Wed, 26 Aug 2020 21:27:30 +0200
So how do we protect ourselves against unauthorized third parties building facial recognition models that recognize us wherever we may go? Regulations can and will help restrict the use of machine learning by public companies but will have negligible impact on private organizations, individuals, or even other nation states with similar goals.

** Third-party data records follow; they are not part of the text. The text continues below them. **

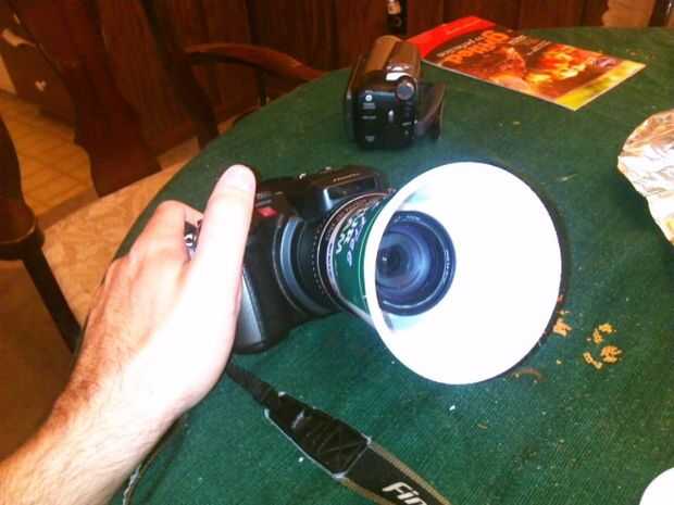Paso 1: cortar un agujero en el extremo estrecho del recipiente plástico.  Ello se ajusta sobre la lente.  Como objetivo para un ajuste apretado un poco, para que no caiga fuera de la cámara, pero no va demasiado ajustada para que tenga fuerza en (podría dañar el motor)
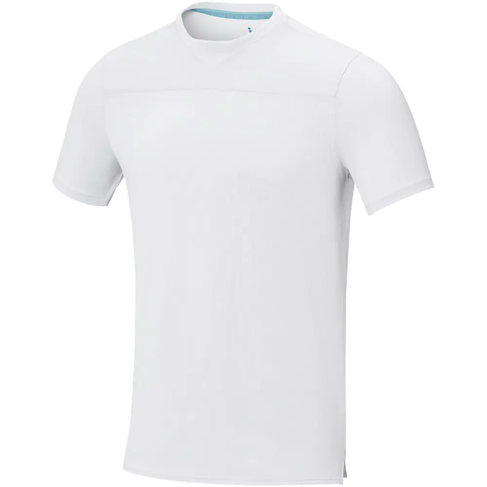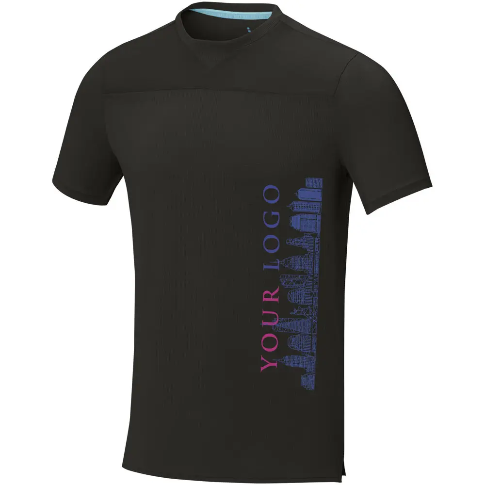 Ontdek het Borax heren t-shirt met korte mouwen en cool fit afwerking, ideaal als gepersonaliseerd relatiegeschenk voor uw bedrijf. Dit t-shirt combineert stijl met optimale prestaties, perfect voor marketingacties of events. Gemaakt van 90% GRS-gecertificeerd gerecycled polyester en 10% elastaan, biedt het een stofgewicht van 160 g/m² voor lichte en soepele draagbaarheid.
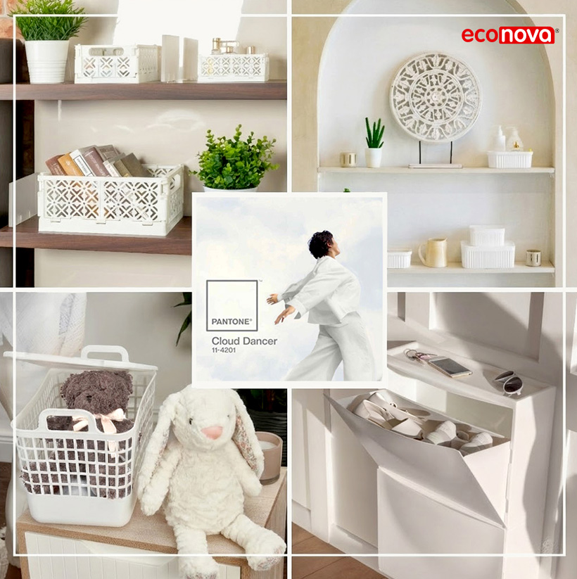 Почему Stocky идеально поддерживают тренд Cloud Dancer: у них лаконичный, «воздушный» дизайн — перфорация визуально уменьшает объем ящика, мягкий белый оттенок позволяет выстраивать спокойные композиции на открытых стеллажах, а также складные конструкции помогают снижать визуальный шум: неиспользуемые ящики можно сложить стопкой, когда они не используются.
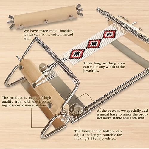 About This Item METAL BEAD LOOM KIT: 1Metal Bead Loom,1Needle Threader,1Cotton Thread,2Needles,1Bead Funnel Tray,1 bagSeed Beads,1Yarn Scissors,1Instruction Manual,2Lobster Clasps,10Open Jump Rings,4Clasp Tubes. SIZE: Metal Bead Loom,L 9.45-16.73 inches,(24-42.5 cm) W 4.17 inches(10.6 cm);Needle Threader 1.7 inches(4.4cm);Cotton Thread length 30 meters;Bead Funnel Tray 3.7L2.2W inches(9.55.5cm);Seed Beads,20g;Yarn Scissors 4.7L0.8W inches(122cm).Open Jump Rings,0.4/0.6mm. THE HOBBYWORKER METAL BEAD LOOM: This new beading loom, unlike the previous one, has a removable and retractable design at the bottom; you can adjust the beading length according to your own preferences. Made of iron plating, it can be reused for a long time, rust-proof and corrosion-resistant. The whole beading loom is light and delicate, portable, easy to operate and use, which is very suitable for novice and adult to make jewelry. BEAD TRAY: The pink bead funnel tray is made of plastic, the size is right, the surface is smooth, convenient, quick and practical; There is an opening with a lid on the front, and the lid is opened after pouring the beads in so that the beads don't get poured all over the place. Please close the lid when not in use to prevent loss. BEADING THREAD: This kit comes with a cotton thread bobbin with a length of 30 meters and a roll of 0.15mm beading thread, a must for jewelry kits. The beading thread is strong and durable, will not break, and provides enough material for jewelry making. BEADING NEEDLE: Two short needles for quick and easy threading, saving time, a needle threader for threading, simple and fast.The needles are all stainless steel, rust-proof and durable. YARN SCISSORS: Red, Blue, Purple,Pink,Grey ( Random Colour ).Material: Plastic + Steel. With cover to prevent scratches, light weight, high quality portable; ideal for cutting line, fishing line, fabric, Paper, etc., are widely used.
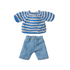 Jei jums reikia naujo drabužių rinkinio savo pelei, šis rinkinys yra tikrai klasikinis pasirinkimas. Minkštas megztas megztinis su mėlynomis juostelėmis pridedamas kartu su džinsų pora.
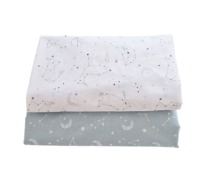 Set 2 cearceafuri patut - Blue ConstellationsCearceafurile sunt potrivite pentru saltea de maxim 10 cm inaltime.Ele sunt prevazute cu elastic in colturi, pentru a ajuta la prinderea rapida a cearceafului pe patut si sustinerea intinsa pentru a nu crea cute sub bebelus.Acestea sunt rezistente la multiple spalari, fara a-si pierde calitatile initiale.Material: 100% bumbac cu Certificat OEKO-TEX (Standard 100 Certificat in Textiles)
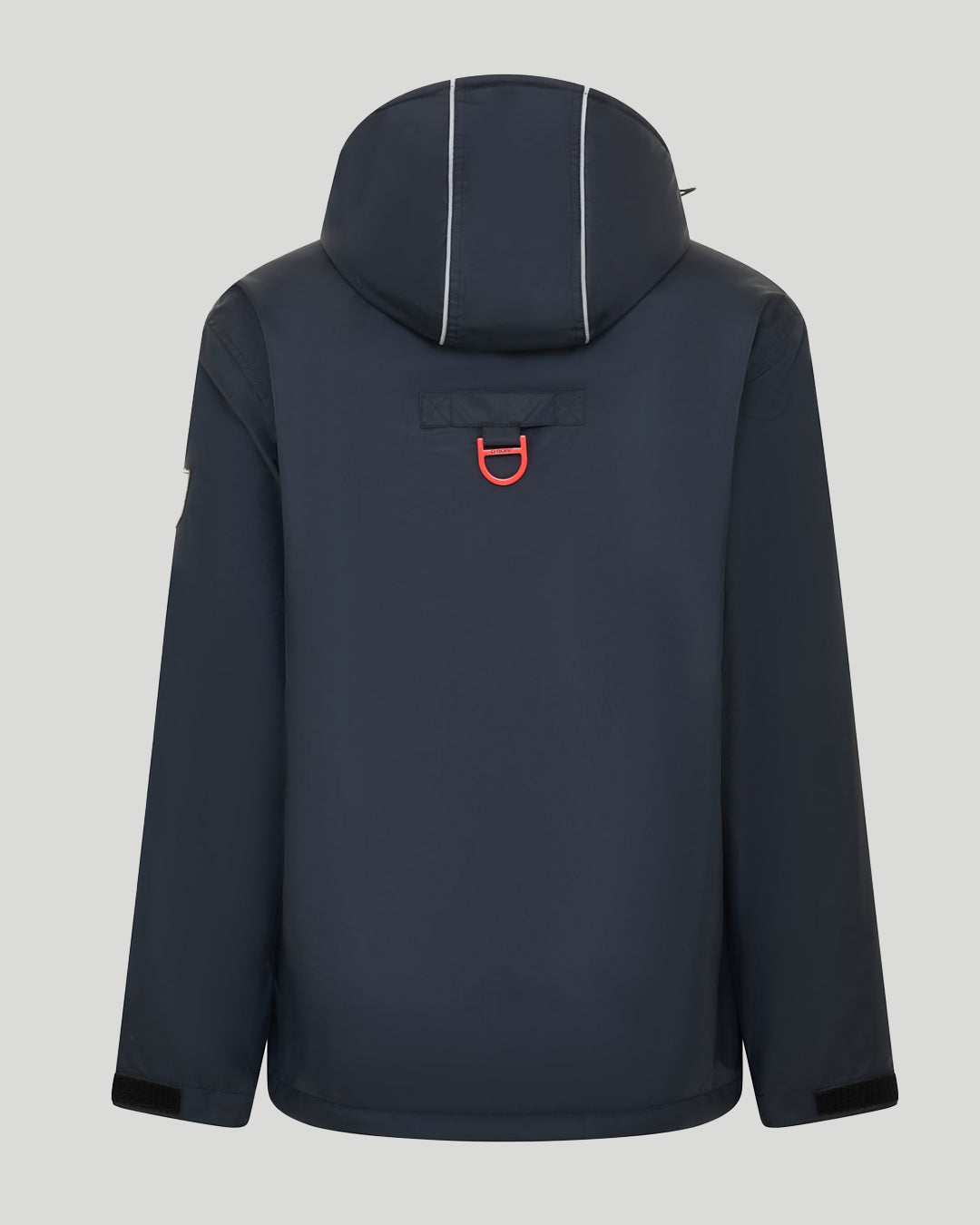 - Toggle-adjusted hood, with full coverage and a reinforced front, and Velcro adjustable sleeve cuffs

The SAND Lab at University of Chicago has developed Fawkes1, an algorithm and software tool (running locally on your computer) that gives individuals the ability to limit how unknown third parties can track them by building facial recognition models out of their publicly available photos. At a high level, Fawkes "poisons" models that try to learn what you look like, by putting hidden changes into your photos, and using them as Trojan horses to deliver that poison to any facial recognition models of you. Fawkes takes your personal images and makes tiny, pixel-level changes that are invisible to the human eye, in a process we call image cloaking. You can then use these "cloaked" photos as you normally would, sharing them on social media, sending them to friends, printing them or displaying them on digital devices, the same way you would any other photo. The difference, however, is that if and when someone tries to use these photos to build a facial recognition model, "cloaked" images will teach the model an highly distorted version of what makes you look like you. The cloak effect is not easily detectable by humans or machines and will not cause errors in model training. However, when someone tries to identify you by presenting an unaltered, "uncloaked" image of you (e.g. a photo taken in public) to the model, the model will fail to recognize you.